Describes the basic method of the Python web crawler function.

Last Update:2016-01-31 Source: Internet

Author: User

Tags python web crawler

Developer on Alibaba Coud: Build your first app with APIs, SDKs, and tutorials on the Alibaba Cloud. Read more ＞

Describes the basic method of the Python web crawler function.

Web CrawlerIs an image name. Comparing the Internet to a Spider, a Spider is a web crawler.

1. Web Crawler Definition

Web crawlers search for Web pages based on their link addresses. Starting from a website page (usually the homepage), read the content of the webpage, find other link addresses in the webpage, and then find the next Webpage through these link addresses. This keeps repeating, until all the web pages of the website are crawled. If the whole Internet is regarded as a website, the web spider can use this principle to capture all the web pages on the Internet. In this case, web crawler is a crawling program and a crawling program. The basic operation of Web Crawlers is to capture webpages.
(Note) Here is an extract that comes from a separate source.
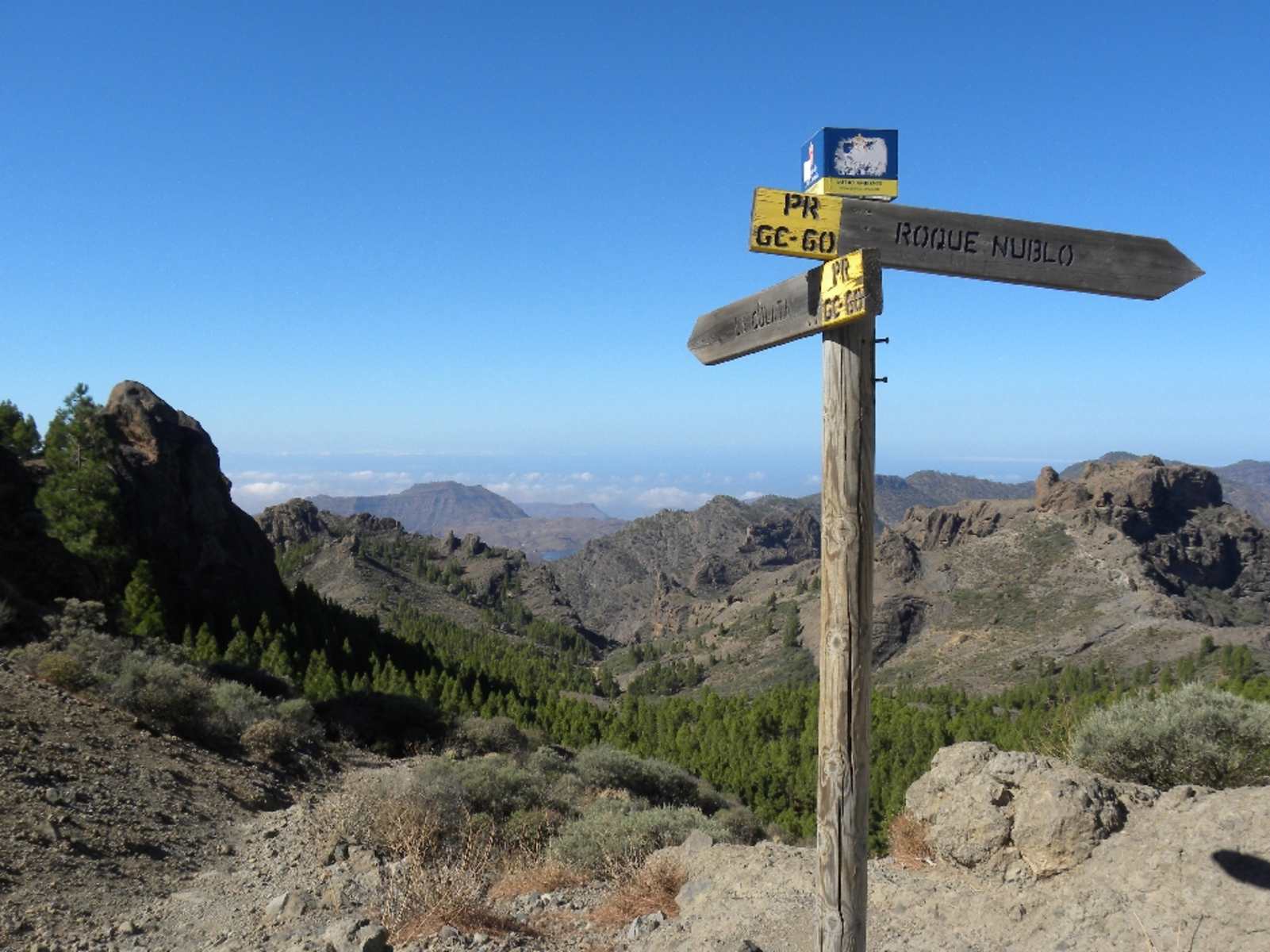 Der Weg leitet uns an Ginsterbüschen und Kiefernbäumen vorbei in 700 m zur Gabelung am Pass Degollada Blanca . Wir ignorieren den Rechtsabzweig nach La Culata und bleiben stets unterhalb der steilen Felswand des Roque Nublo. Nach einer weiteren Linkskurve genießen wir eine fantastische Aussicht auf das Zentrum und den Westen der Insel: Im Vordergrund die Barrancos rund um den Roque Bentayga, dahinter die Hochebene von Acusa mit dem kantig aufragenden Massiv des Altavista. Wir gehen weiter um den Roque Nublo herum und kommen zur Gabelung Hoyetas del Nublo, ein kleines Schild verkündet La aventura comienza en ti („Das Abenteuer beginnt in dir“). Geradeaus weist ein Schild nach El Aserrador.

2. Web page browsing Process

In fact, the process of capturing a webpage is the same as that of browsing a webpage through the IE browser. For example, enter www.baidu.com in the address bar of your browser.

The process of opening a webpage is actually that the browser acts as a browser "client" and sends a request to the server, "grabbing" the server file, and then explaining and presenting it.

HTML is a markup language that uses tags to tag content and parse and distinguish it. The function of the browser is to parse the obtained HTML code, and then convert the original code into a website page that we can directly see.

3. python-based Web Crawler

1). Obtain the html page using python

In fact, the most basic website capture can be done in two sentences:

import urllib2content = urllib2.urlopen('http://XXXX').read()

In this way, we can obtain the entire html document. The key issue is that we may need to obtain the useful information from this document, rather than the entire document. This requires parsing the html that is filled with various tags.

2) parse the html method after the python crawler crawls the page

Python crawler html Parser library SGMLParser

Python comes with HTMLParser, SGMLParser, and so on by default. The former is too difficult to use, so I wrote a sample program using SGMLParser:

import urllib2from sgmllib import SGMLParser class ListName(SGMLParser):def __init__(self):SGMLParser.__init__(self)self.is_h4 = ""self.name = []def start_h4(self, attrs):self.is_h4 = 1def end_h4(self):self.is_h4 = ""def handle_data(self, text):if self.is_h4 == 1:self.name.append(text) content = urllib2.urlopen('http://169it.com/xxx.htm').read()listname = ListName()listname.feed(content)for item in listname.name:print item.decode('gbk').encode('utf8')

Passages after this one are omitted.